Technically this is the first thing that I ever developed. In early 2006, soon after I started using the Roux method, I was trying to figure out how to recognize CMLL. Gilles Roux's site only provided a table of cases with arrows showing which corners need to be swapped. There were no patterns or any detailed recognition guide. So I thought of a way to recognize the corners based on knowing the correct sticker order around the cube when solved. Checking the sticker order of the corners upon reaching CMLL reveals the swap that needs to be performed.
After using this for a short time I felt that it was too slow and that there must be a better way. In an email to Gilles about the issue, he pointed me toward the Waterman style recognition of looking at four stickers and comparing the matching, adjacent, and opposite relationships. More specifically, he linked to Lars Vandenbergh's COLL page. I then switched to this, but that initial idea that I had was only the start of my thinking about corner recognition. Eventually I completed Gilles' original NMCMLL recognition, developed an improved version of that, then ATCRM, and then Straughan. Actually, I revisited this initial recognition idea in 2024 thinking that there must be more to it. That is what led to me discovering the minimum sticker recognition seen in the Straughan recognition concept.
How It Works
First, memorize the sticker order that should be around the sides of your preferred LL color. Using the standard color scheme and yellow as the upper layer, the sticker order starting from the R layer and going clockwise should be Red Red Blue Blue Orange Orange Green Green. Then, follow these steps:
Check the U face sticker orientation. You can also do this after the following steps. Either way works.

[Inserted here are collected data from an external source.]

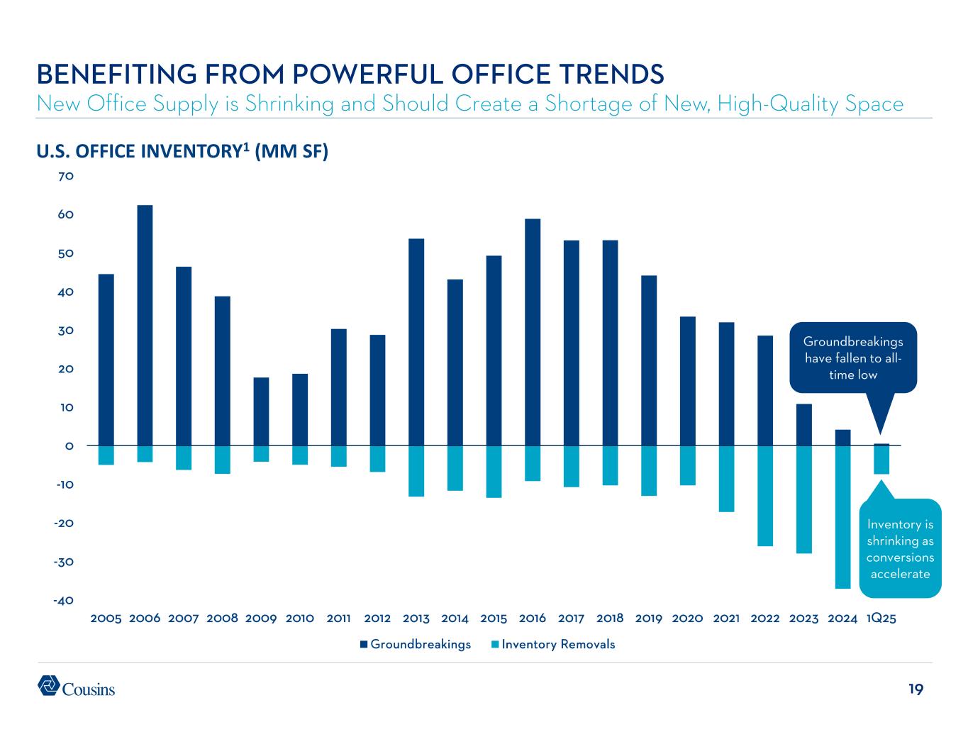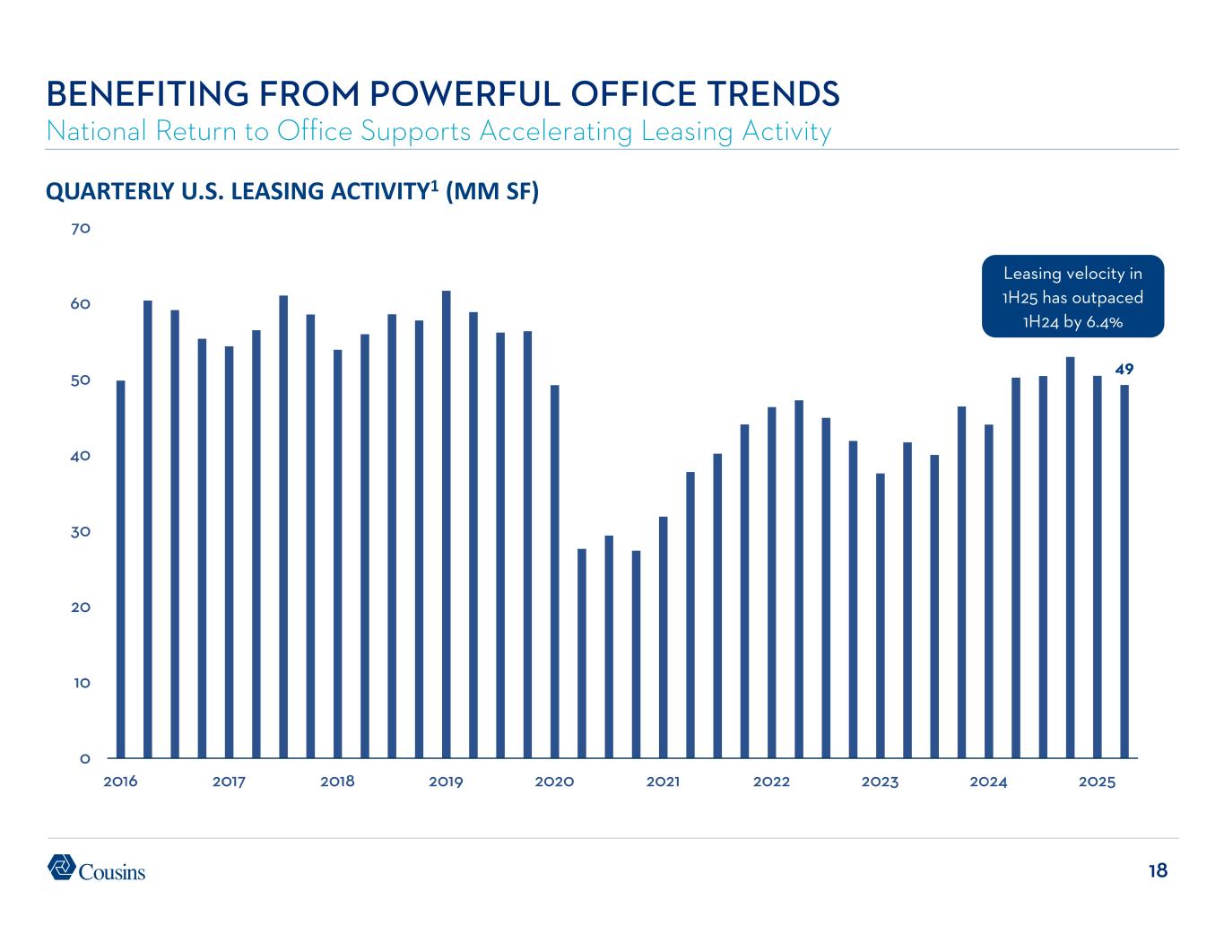 18 49 0 10 20 30 40 50 60 70 2016 2017 2018 2019 2020 2021 2022 2023 2024 2025 QUARTERLY U.S. LEASING ACTIVITY1 (MM SF) BENEFITING FROM POWERFUL OFFICE TRENDS National Return to Office Supports Accelerating Leasing Activity Leasing velocity in 1H25 has outpaced 1H24 by 6.4%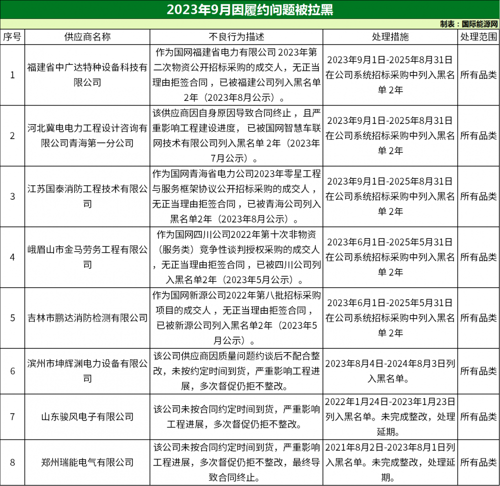 另有8家也因为履约问题而被拉黑,分别涉及福建省中广达特种设备科技有限公司、河北冀电电力工程设计咨询有限公司青海第一分公司、江苏国泰消防工程技术有限公司、峨眉山市金马劳务工程有限公司、吉林市鹏达消防检测有限公司、滨州市坤辉渊电力设备有限公司、山东骏风电子有限公司、郑州瑞能电气有限公司。拉黑原因包括拒签合同、交付不及时影响工程进度等。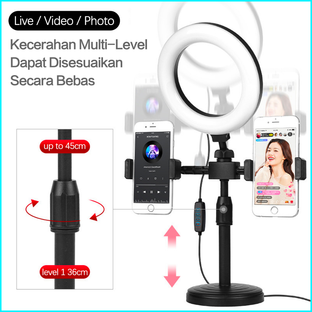 Lightning Ring Light 16cm Hp Tripod 2 Holder Mini Stand Selfie Streaming Tripod Usb Vlog Lampu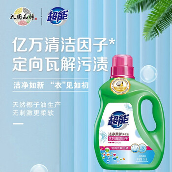 超能洁净柔护洗衣液2kg 天然自然清香亿万清洁因子定向瓦解污渍 家庭清洁装

Find two matching stickers on two adjacent corners.
Check the other non-U sticker of one of the two corners. Two stickers are now known from this corner.
Move to the corner adjacent to the corner that had two stickers checked and look at its color that would be considered matching or opposite of the sticker from step 3. For example, if in step 2 you locate the two red stickers on two adjacent corners, and in step 3 the sticker is blue, then in this step look at the blue or green sticker of the third corner.
There are advancements available to make the steps not as strict above, but the steps presented are to provide a simple explanation.
Example
Sune case
Step 1: Check the U face sticker orientation. This is optional at this point and can be done after step 4.
Step 2: Find two adjacent matching stickers.
Step 3: Check the second second non-U sticker on one of the adjacent corners.
Step 4: On the corner adjacent to the two sticker corner, check the sticker that matches or is opposite of the step 3 sticker. This reveals this as the all permuted Sune case.
This is the left swap Sune case.
This is the diagonal swap Sune case.
Each of these patterns are completely intuitive and not based on memorization.
In the all permuted Sune case example, the sticker order matches exactly that of the solved cube.
In the left swap Sune case, the two corners on the right have the correct order, but then the third corner is out of place, showing that the left two corners need to be swapped.
In the diagonal swap Sune case, the right two corners aren't in the correct order and we know those two need swapped to have the yellow red blue corner at UFR. The corner that should then be at UFL should be the other blue corner, but instead it's the other green corner. So both the left and right sides should be swapped, which is equivalent to a diagonal swap.